To create a pronunciation dictionnary in HTK we will follow these steps:
First we need to create a prompts.txt file that includes our Grammar words and the additional dictionnary words required to create a phonetically balanced dictionnary. This file basically contains the list of words that need to be recorded, and the names of the audio files the recordings will be stored - one per line.
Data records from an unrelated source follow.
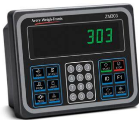
Aluminiumgehäuse zur Befestigung auf einer Tischplatte

Zusätzlich zu den schnellen, einfachen und funktionalen Modellen, die sich für den Einsatz in allen Umgebungen eignen, sind die Modelle aus gebürstetem Edelstahl (Sorte 304) auch noch mit einem Gelenkfuß ausgestattet, damit der geeignete Anzeigewinkel eingestellt werden kann. Sie verfügen des Weiteren über eine Vorrichtung zur Befestigung an einer Wand, einem Schreibtisch oder einer Säule.
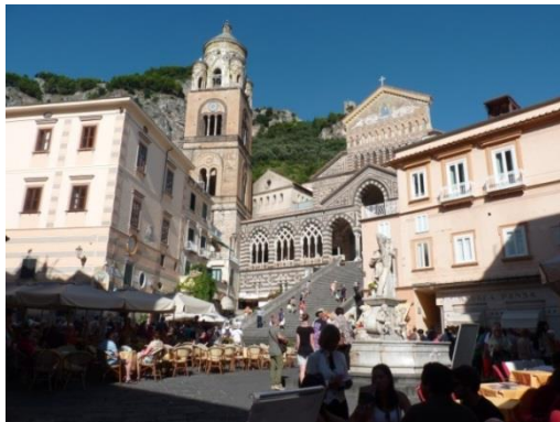
Amalfi – centre-ville et cathédrale

Transfert au port de Sorrente. Départ en hydroglisseur pour Amalfi. Découverte de la côte de la péninsule Sorrentine dans la baie de Naples, passage au large de Capri, puis découverte de la côte Amalfitaine dans le golfe de Salerne.
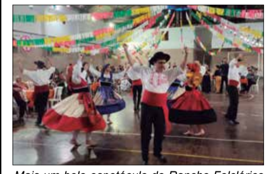
Mais um belo espetáculo do Rancho Folclórico Maria da Fonte, no Arraial Minhoto, ao som da Tocata da Casa
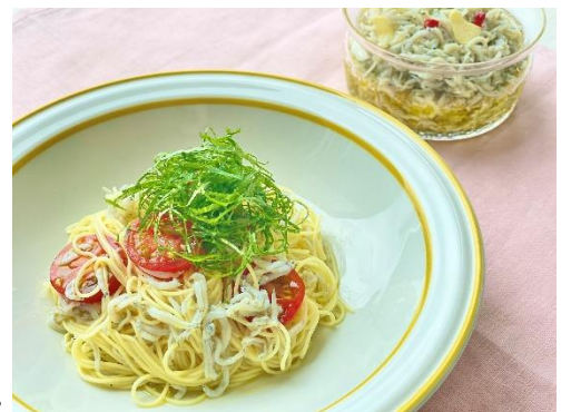
しらすのオリーブオイル漬け 冷製パスタ

食材をオリーブオイルに漬けるだけの、究極の省手間料理が「オリーブオイル漬け」。漬ける食材の脂溶性ビタミンが効率よく吸収できるようになることに加えて、日持ちも良くなり、オリーブオイル漬けをいろいろな料理にトッピングするだけで、料理のバラエティが広がる。
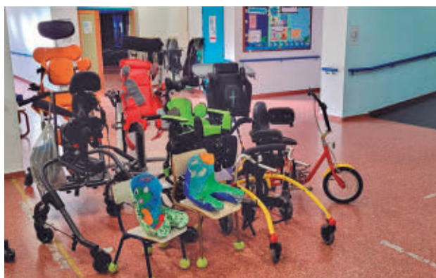
El plazo de inscripción estará abierto hasta el 22 de febrero

El programa estará dirigido a familias con menores de entre 4 y 17 años con discapacidad física, intelectual o del
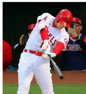
インディアンス戦の1回、3試合連続本塁打となる14号ソロを放ったエンゼルス大谷=アナハイム(共同)

ドジャースの筒香はダイヤモンドボックス戦に「7番・左翼」でレイズから移籍後初出場し、六回まで1打数無安打、2四球1三振。
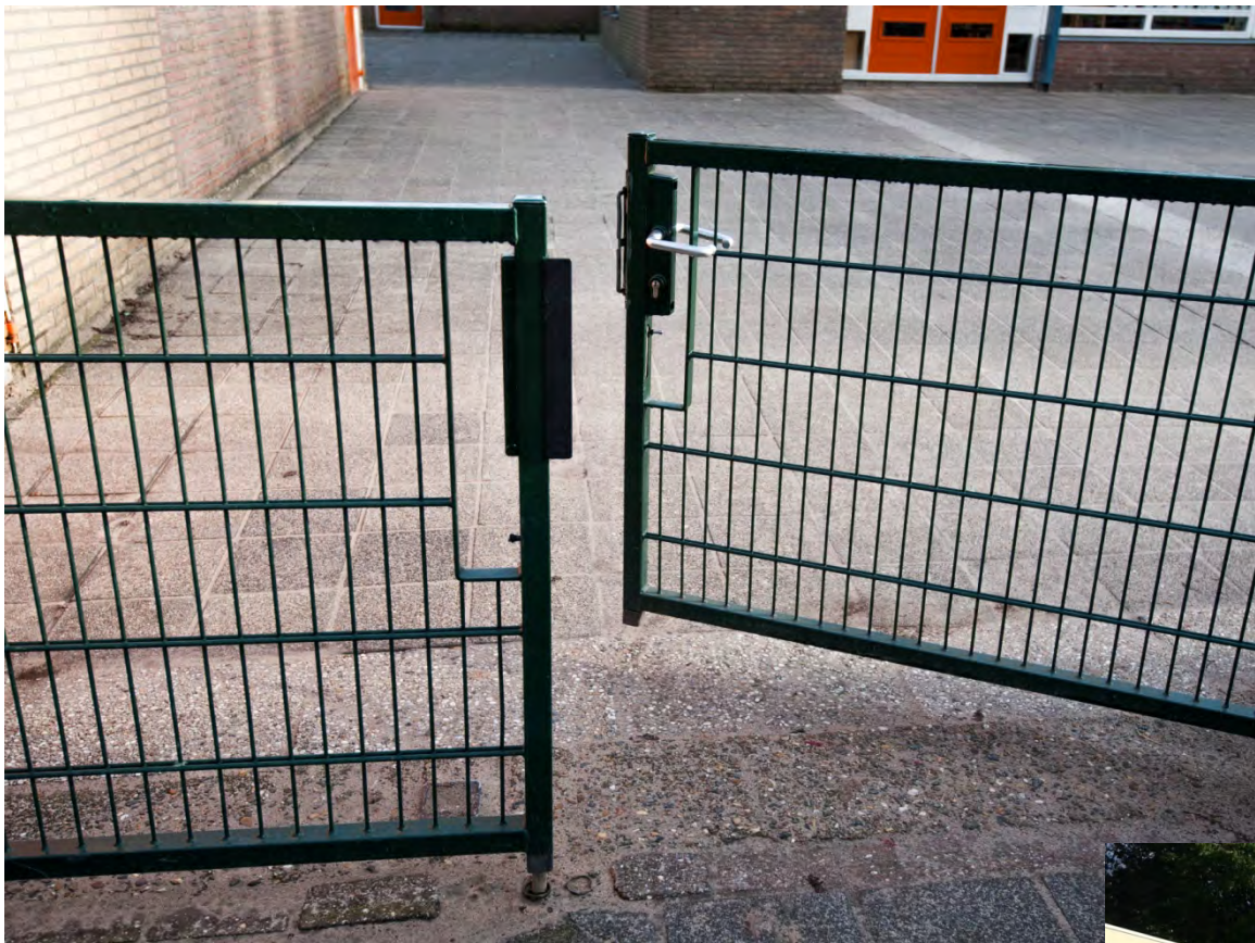
Het hek van de school
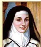
Mẹ Adele (10/6/1789~10/1/1828)
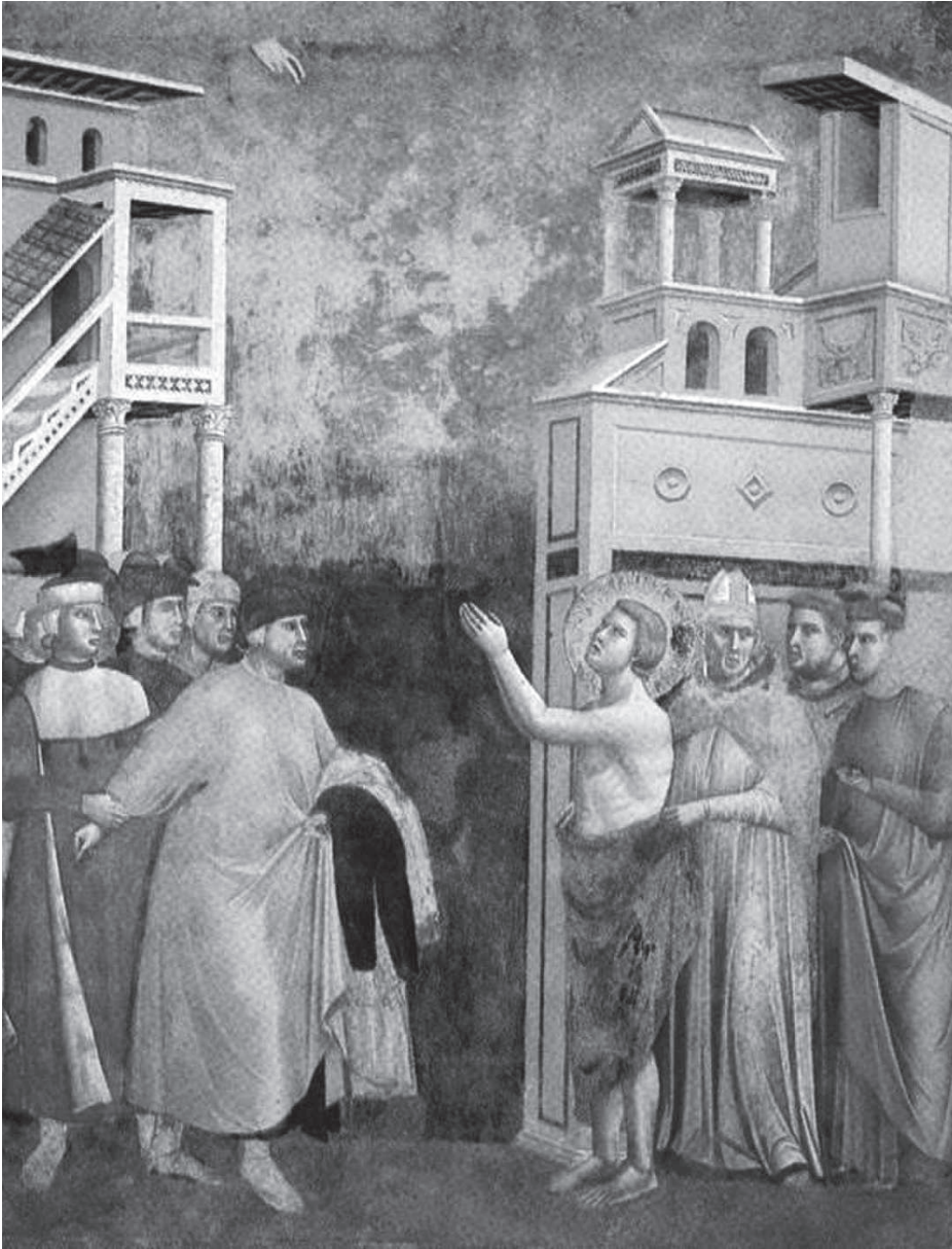
Джотто. Франциск Ассизский отказывается от имущества. Фреска в церкви Сан-Франческо в Ассизи. 1295 г.
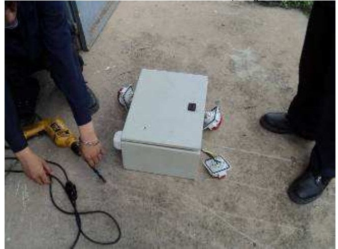
Photo 25: Eine der grössten Aufgabe, die wir noch zu tun haben mit den Jungen hier, ist, dass sie immer alles auf dem Boden machen. Wir wissen nicht, wie viele Jahre es dauert, bis wir ihnen beigebracht haben, dass wir gerne auf einem Tisch / Werkbank arbeiten möchten.
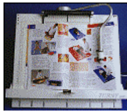
Der Turny Plus blättert vor- und rückwärts.

Der Turny Plus verfügt über eine Hilfsmittelnnummer und kann somit über die Krankenkasse abgerechnet werden.
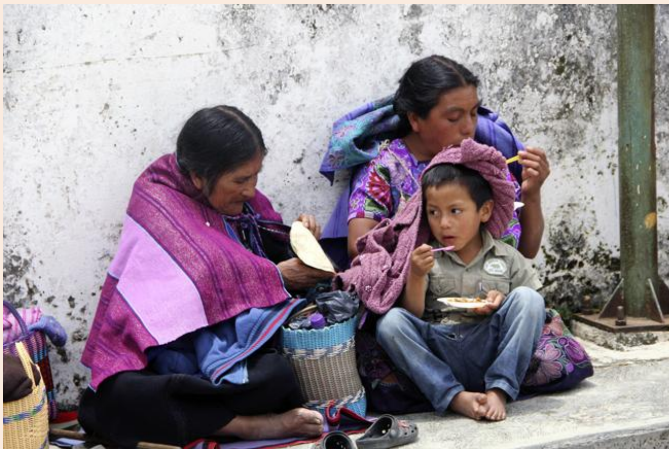
Las mujeres presentan mayor desigualdad para generar ingresos de manera autónoma.

América Latina exhibe el título de ser la región más inequitativa del mundo, incluso sobre regiones que presentan mayores niveles de pobreza. La desigualdad es un tema clave del retroceso latinoamericano, cruza el debate público, académico y está cada vez más presente en la agenda de
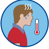
37,8°C üzeri ateş
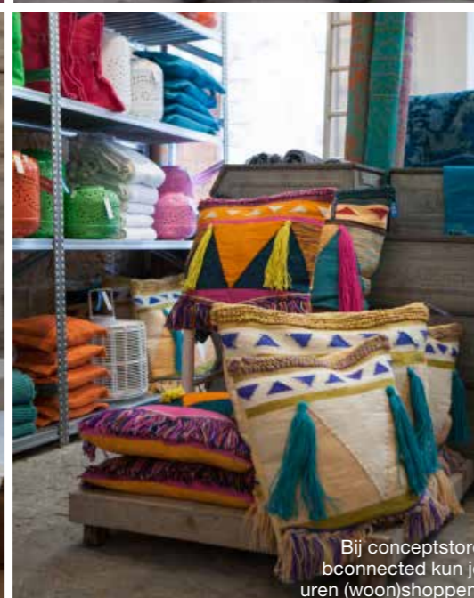
Bij conceptstore bconnected kun je uren (woon)shoppen.
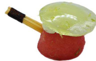
Pic melon pastèque à l'eau de menthe
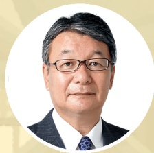
山本 順三 参議院議員
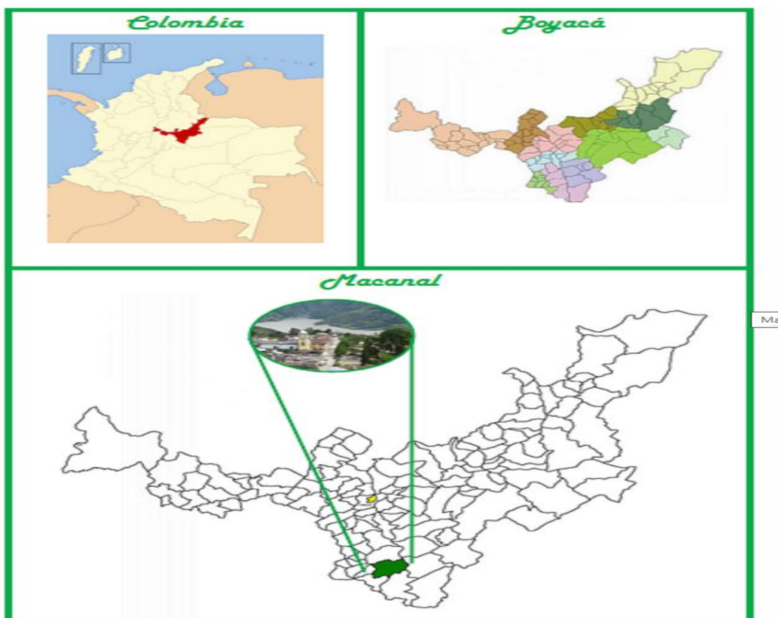
Figura 1. Municipio de Macanal, Departamento de Boyacá.

El marco espacial donde se realiza la aplicación del proyecto es la empresa de Servicios Públicos Manantial S.A, ubicada en carrera 6 No. 2-73, Barrio La Ceiba en el municipio de Macanal, Departamento de Boyacá,
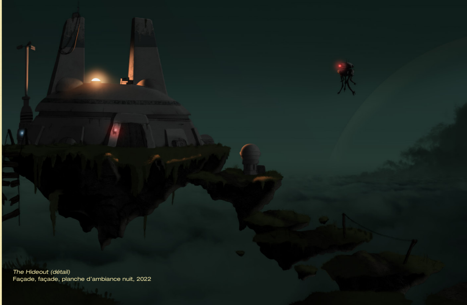
The Hideout (détail) Façade, façade, planche d'ambiance nuit, 2022

You will do these recordings in Step 3.
Go to the 'voxforge/tutorial' folder you created in your home holder and create a file called 'prompts.txt' containing the following:
*/sample1 DIAL ONE TWO THREE FOUR FIVE SIX SEVEN EIGHT NINE OH ZERO |
The
first
column of the prompts.txt file contains the name of the audio file to be
created, and the
following columns
contain the text transcriptions of what to be recorded in the audio
file.
The Julia script prompts2wlist.jl can take the prompts.txt file you just created, and remove the file name in the first column and print each word on one line into a word list file (wlist).
Download prompts2wlist.jl to your voxforge/bin folder.
Next, go back to your 'voxforge/tutorial' directory (where your prompts.txt file is located), and run prompts2wlist.jl as follows:
julia ../bin/prompts2wlist.jl prompts.txt wlist |
This will create the wlist file.
Note: the following entries were automatically added to your wlist file (in sorted order):
SENT-END |
These are HTK internal entries required for creation of the Acoustic
Model, and for processing of the Acoustic Model by Julius.
The next step is to add pronunciation information (i.e. the phonemes that make up the word) to each of the words in the wlist file, thus creating a Pronunciation Dictionnary. HTK uses the HDMan command to go through the wlist file, and look up the pronunciation for each word in a separate lexicon file, and output the result in a Pronunciation Dictionnary.
First you need to create the global.ded script in your 'voxforge/tutorial' folder (default script used by HDMan), which contains:
AS sp RS cmu MP sil sil sp |
This is mainly used to convert all the words in the dict file
to uppercase. See the HTK book for details of what these commands
mean.
Create a new directory called 'lexicon' in your 'voxforge' folder. Create a new file called voxforge_lexicon in your 'voxforge/lexicon' folder, and copy the into it: VoxForgeDict.txt (origin of VoxForge phoneset). Execute the HDMan command from your 'voxforge/tutorial' directory as follows:
HDMan -A -D -T 1 -m -w wlist -n monophones1 -i -l dlog dict ../lexicon/VoxForgeDict.txt |
The output of the above noted HDMan command is two files:
To help you determine your if dictionnary is phonetically balanced, review the output from your HDMan command in the 'dlog' log file:
WARNING: no script file ../lexicon/VoxForgeDict.ded Dictionary Usage Statistics --------------------------- Dictionary TotalWords WordsUsed TotalProns PronsUsed VoxForgeDict 268089 114 268089 114 dict 114 114 114 114 114 words required, 0 missing New Phone Usage Counts --------------------- 1. ae : 17 2. b : 32 3. ah : 74 4. l : 48 5. ow : 9 6. n : 43 7. sp : 112 8. d : 26 9. aa : 8 10. m : 13 11. z : 7 12. ih : 23 13. sh : 7 14. aw : 4 15. ng : 7 16. t : 32 17. k : 33 18. ch : 5 19. iy : 12 20. v : 8 21. w : 4 22. y : 8 23. uw : 7 24. p : 11 25. er : 13 26. eh : 24 27. r : 21 28. f : 5 29. g : 8 30. s : 15 31. th : 7 32. hh : 10 33. ey : 20 34. dh : 4 35. ao : 6 36. ay : 12 37. zh : 7 38. uh : 5 39. oy : 4 40. jh : 3 41. sil : 2 Dictionary dict created |
Although reviewing
this log will not
conclusively determine whether you have a phonetically balanced pronunciation dictionnary
or not (because it may be missing
certain phones altogether because your grammar is so small), it is
a good place to start.
For HTK to compile your Acoustic Model, you need to make sure that you have (at the very least) 3 to 5 usage counts for each
phone. If there
are phones that only have one occurence, you must add words that use
these phones to your prompts.txt file. You can search through the VoxForgeDict file for the phones you need, and then include the word that contains that phone.
You also need another monophones file for a later Step. Simply copy the "monophones1" file to a new "monophones0" file in your 'voxforge/tutorial' directory and then remove the short-pause "sp" entry in monophones0.